2016
Concrete Brick, Gravel, Inkjet Print, LED, Six Channel Audio Track, Halogen Light, Microcontroller, Digital Print, Steel
I
The viewer is confronted by a large structure constructed of concrete bricks, located on the floor in the initial exhibition space. Its structure is a six-square grid, orthogonally misaligned from the urban grid, instead aligning to the compass north. Its form evokes the excavation or reconstruction of an unknown past or the foundations of a possible future structure. It contains an embedded network of choreographed programmed lights casting inwardly to illuminate the thin space of questioning, sequenced to constantly shift over approximately one hour, changing the conversational logics, slipping through internal cracks, and modeling the limits of the space. Small pieces of gravel are loosely formed into probabilistic patterns and cast shifting shadows across the sunken area. It is unclear to what the structure corresponds, and it is embedded within a large structural concrete pillar, including it in its modeling of the space and unsteadying possible scale and historical referents. Part of a triad of works which considered the obfuscated view, semiotics of the image, historical reconstruction of the architectural site, and ways of thinking through unhinged subjectivities and embedded histories. A key interest was around light and the conditions of visibility and invisibility inside the space of the gallery.
II
A darkened subterranean space contains shifting multi-channel resonant audio directing a viewer’s attention into the elongated room. Infrequent brief bursts for 300 microseconds of high-intensity light can be anticipated by audible frequency shifts, briefly impressing after- images onto the retina of viewers from photographic plates installed in three locations.
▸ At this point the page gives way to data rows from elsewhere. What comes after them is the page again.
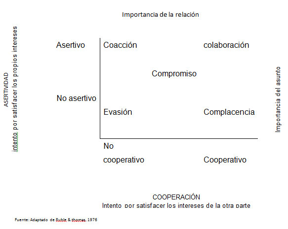 A continuación se muestra una tabla que resume los distintos estilos de comportamiento ante el conflicto desde la perspectiva de asertividad y cooperación:
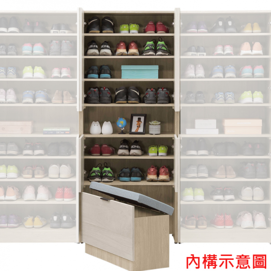 370-3 庫克2.5尺穿鞋椅鞋櫃 (附4片活動隔板.1個收納型穿鞋椅) (穿鞋椅墊為貓抓皮材質.無透氣孔)$10400
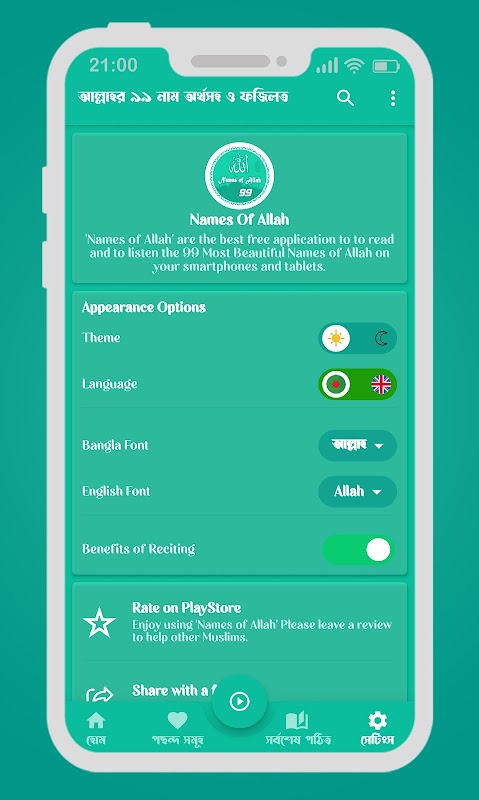 99 اللہ کے نام - بنگلہ اور انگریزی অ্যাপটি 5* রেটিং এবং আত্মীয়-সজন, বন্ধু-বান্ধবের সাথে শেয়ার করে আপনিও ইসলাম প্রচারে অংশ নিন।
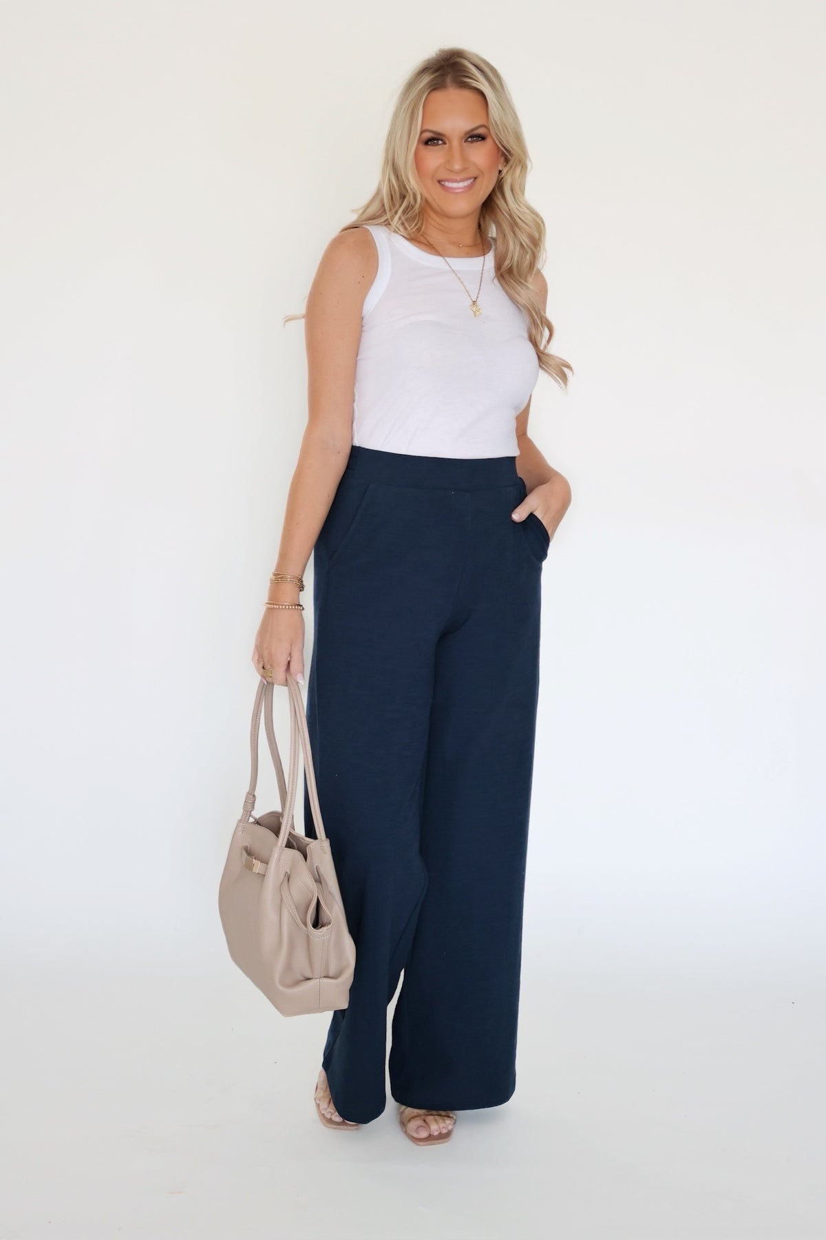 Featuring an elastic waistband, high rise fit, and side pockets, this lightweight pant moves gracefully with you. Complete the look with the Noelle Textured Tank Top.

Attached to the walls in these points are large metal plates affixed with large digital prints orthogonally aligned 29° to counteract the Manhattan Street grid. Considering their reception in time the images exist primarily as retinal after-images, slowly revealing themselves after the perception of several flashes to be digital reconstructions of the space of the gallery, with an added palimpsest of all other structures historically present on the site of exhibition – momentary virtual mirrors created through simulated 3D reconstructions of archival documents. Unlike optical mirrors these devices render the viewer invisible, replaced by the visual presence of past structures including the boiler room of a 1912 university building, and the retaining wall of a significant 19th Century New York market hall which once divided the space. The natural light moves through the uninterrupted space of the virtual reconstruction and encounters its past, proposing an engine of historical resuscitation powered by light.
III
Oriented to leave the exhibition, the viewer notices a sliver of cold light projecting from an opened hatch in the ceiling. Suspended in the infrastructural space between the ceiling and the floor above is a printed image caught on a structural beam, fluttering in the wind of the HVAC system. The print depicts a grid of sidewalk panels photographed from across the city which together reveal a chalk drawing which mimics the directionality of the unseen light source. It is communicated to the viewer that an unspecified number of similar images have been permanently affixed to hidden structural elements throughout the institution. These images remain hidden, and the work will remain extant for the duration of its architectural host. The work draws on cross-cultural ritual practices in which the placement of symbolic objects into the foundations and structural elements of buildings was believed to pass on their spirits and lend stability.